- _PROBLEM TO SOLVE_:
Could the data below be retyped exactly, without its pictures?

- _AVAILABLE DATA_:
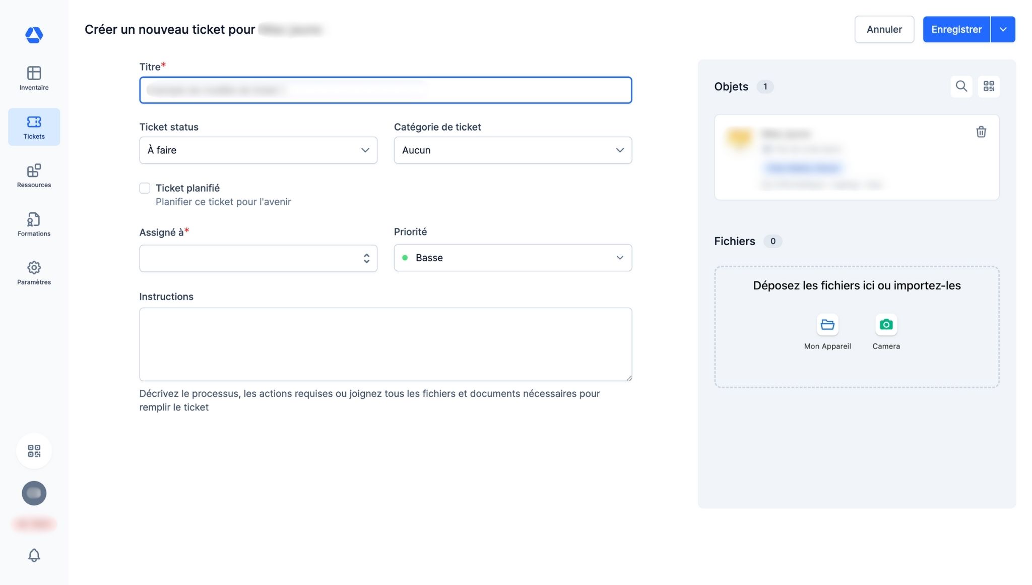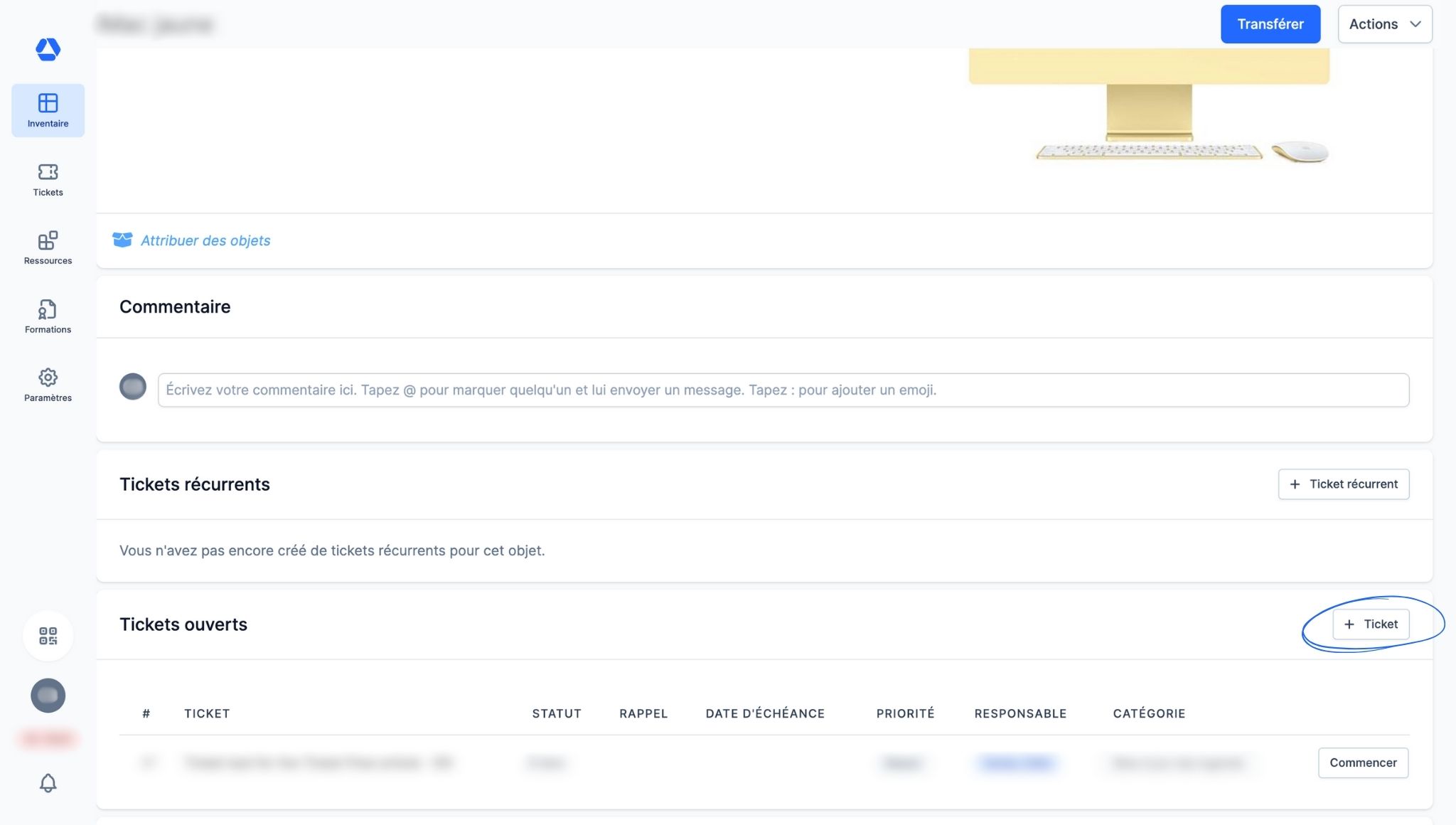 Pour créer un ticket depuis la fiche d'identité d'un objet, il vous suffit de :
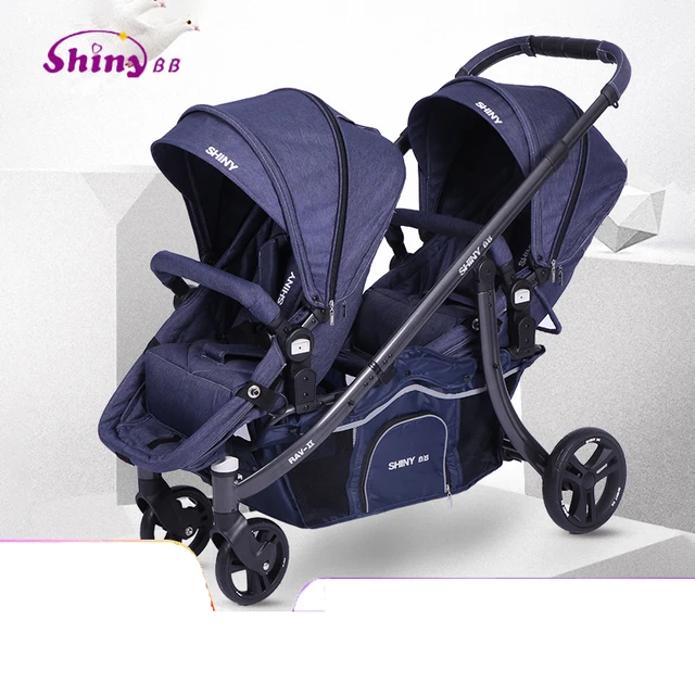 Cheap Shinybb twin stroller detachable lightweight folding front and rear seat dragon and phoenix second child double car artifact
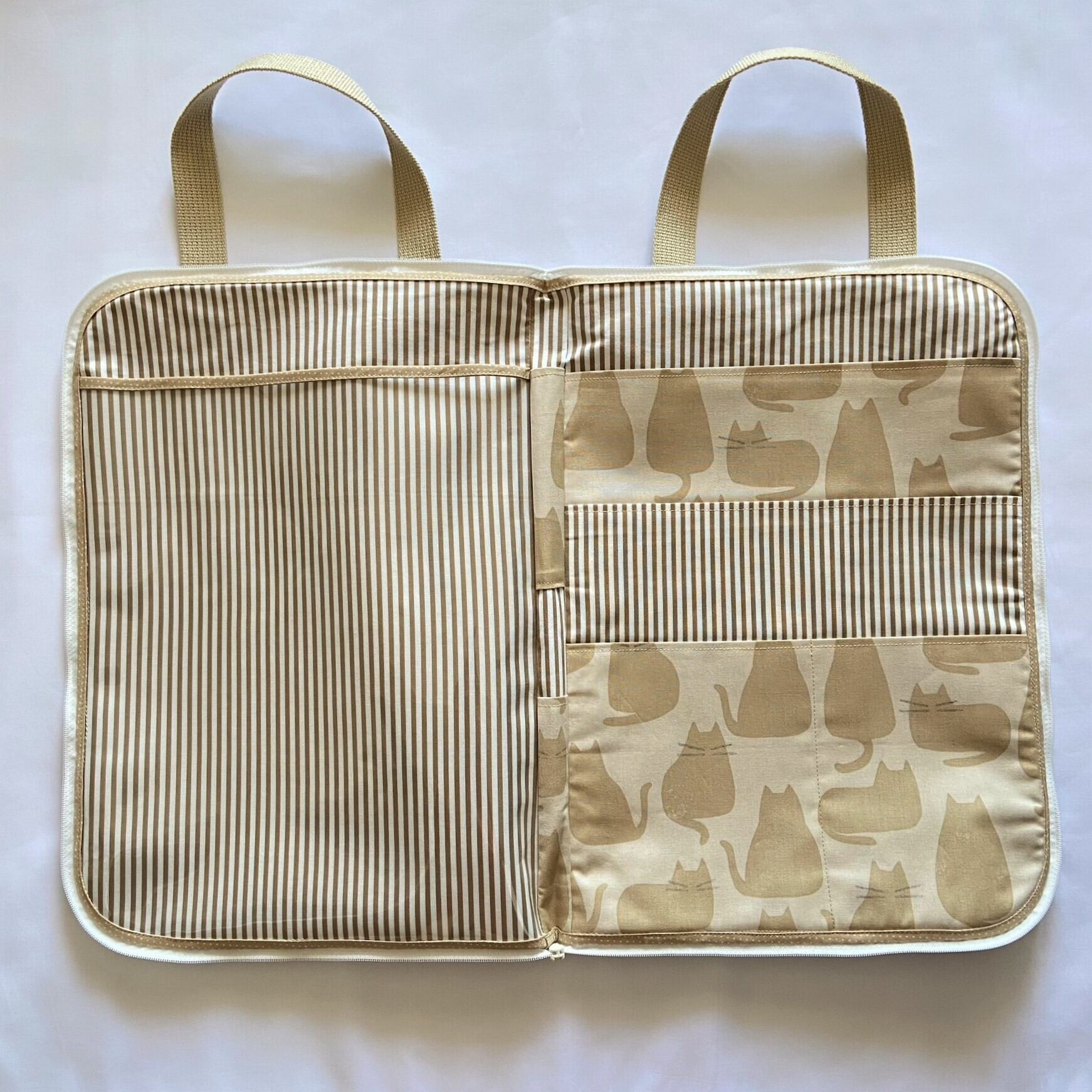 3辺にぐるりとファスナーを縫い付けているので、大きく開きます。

- _RESPONSE TO THE EXERCISE_:
 Pour créer un ticket depuis la fiche d'identité d'un objet, il vous suffit de :
 Cheap Shinybb twin stroller detachable lightweight folding front and rear seat dragon and phoenix second child double car artifact
 3辺にぐるりとファスナーを縫い付けているので、大きく開きます。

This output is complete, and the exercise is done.